LA PUPILA DEL AGUA

LA PUPILA DEL AGUA

El mar nos mira de lejos / Manuel Muñoz Rivas / 92´ / 2017 / España

 

Viejas imágenes, el blanco y negro del tiempo y un calor retenido en las fotos. Visiones de una naturaleza que goza en su quietud, en una inmovilidad de belleza muy elocuente, todo envuelto en el silencio de lo anónimo como anónima parece la brisa antes de ser viento, el viento que curva, después de agitar, y doblega los incontables tallos sin nombre donde la identidad es un abandono liberado. Estamos en Huelva, en el Coto de Doñana, quizá una de las provincias más olvidadas de España, tan desconocida todavía hoy. En su elementalidad vemos al hombre viejo trasegando con leña reseca, crujiendo con ella, casi podemos oler ese sonido. Como los extranjeros que llegaron en un vapor alemán a aquel lugar a finales del XIX y buscaron peones y cavaron: allí existió alguna vez la mítica Tartessos, diríamos también a gritos sobre una duna.

El mar nos mira de lejos es la ópera prima del director Manuel Muñoz Rivas, un silencioso y detenido homenaje a la hermosura de lo simple, de la desnuda relación del hombre con su medio, calentado por un fuego elemental mientras afuera oye el incesante ruido del mar que viene y se queda en todas partes. Viendo El mar nos mira desde lejos pienso en el poeta José Manuel Caballero Bonald, buen conocedor del sitio y, entre sus muchos libros, especialmente en el Diario de Argónida (1997). Qué buscan los hombres que cavan esa tierra y cualquier otra, llevando de acá para allá fragmentos de un mundo igual y distinto. El hombre viejo que lleva la carretilla parece que quisiera construir una playa, pero la playa ya está hecha, como hechos están, de fibra dura y sangre ligera, los caballos que la recorren arrastrando las carretas, carromatos o landós de campanillas tintineantes.
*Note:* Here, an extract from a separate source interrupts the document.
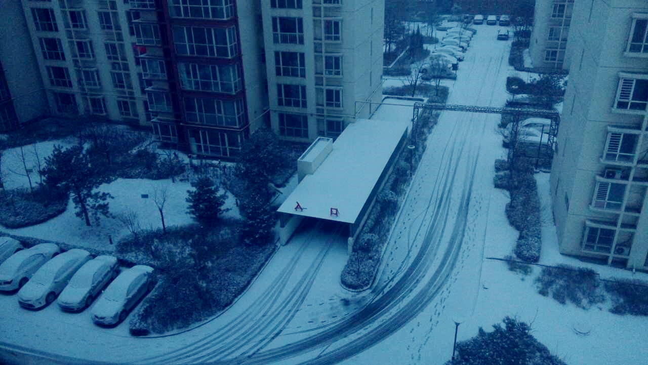长治7点钟的雪,天蒙蒙亮,下雪路滑,小心行驶

Bellísima la fotografía de El mar nos mira de lejos, tanto como esa enorme luna sangrienta y quevediana que vemos en la cinta colgada sobre los techos circunstanciales de los hombres hoscos y solitarios que nos muestra la película, afanados en sus tareas y en un diálogo tenaz y concentrado con la materia, ya sea recogiendo piñas y andando descalzos sobre la arena o adiestrando a un joven en cómo coser una red de pesca. Hombres cuyos rostros ofrecen unos surcos similares, unas arrugas espejo que se han armonizado con las que muestra el paisaje y la tierra que cruzan, ávida de ellos, fagocitadora y, a la vez, pasiva, quieta, indiferente, al menos en apariencia, cicatera con sus habitantes.

Hectáreas abundantes de marismas cruzadas por pájaros de muchas especies, europeos, africanos, acuáticos, sin dejar de oír tampoco a las gaviotas que chillan sobre la espuma de ese mar que mira al hombre y su tierra de reojo, no sabemos si con desconfianza o con disimulo, poblado de antiguas leyendas, rojo como un vino en el crepúsculo, homérico y hercúleo aún. Apenas escuchamos la voz humana en la cinta, priman en ella los gemidos del mundo o de pequeños motores, coches en tránsito, de paso, que no quieren quedarse del todo. Los diálogos son breves y parecen sólo un impás del silencio, su descanso entre dos respiraciones, entre sístole y diástole.

El hombre del neolítico dejó unas pocas herramientas en la zona, y también fenicios, romanos y tartessos pasaron por ella y dejaron sus estelas enterradas; pero no bajo las dunas que excavaron los alemanes entre finales del XIX y comienzos del XX: allí no encontraron nada. Esa nada hermosa y minuciosa nos muestra la película, esa nada que es todo para unos pocos hombres que siguen removiendo la tierra o cogiendo de ella sus grumos de vida, los posibles de una supervivencia donde otros, mucho antes, soñaron con la Atlántida oyendo el caos de un gran hundimiento que cayó en el olvido.

El mar es una exaltación y en esta película nos dice que el mito, el relato, lo cuenta la tierra, es el hombre el que escucha y asiente o se rebela contra sus poderes. La paciencia del ojo ve con sosiego las estacas, las viejas persianas o los trapos de colores que ondean en el viento marino, como banderas de una conquista desapercibida, que pasa por debajo de las cosas para llenarlas de aliento y escucha, de recogida hermosura.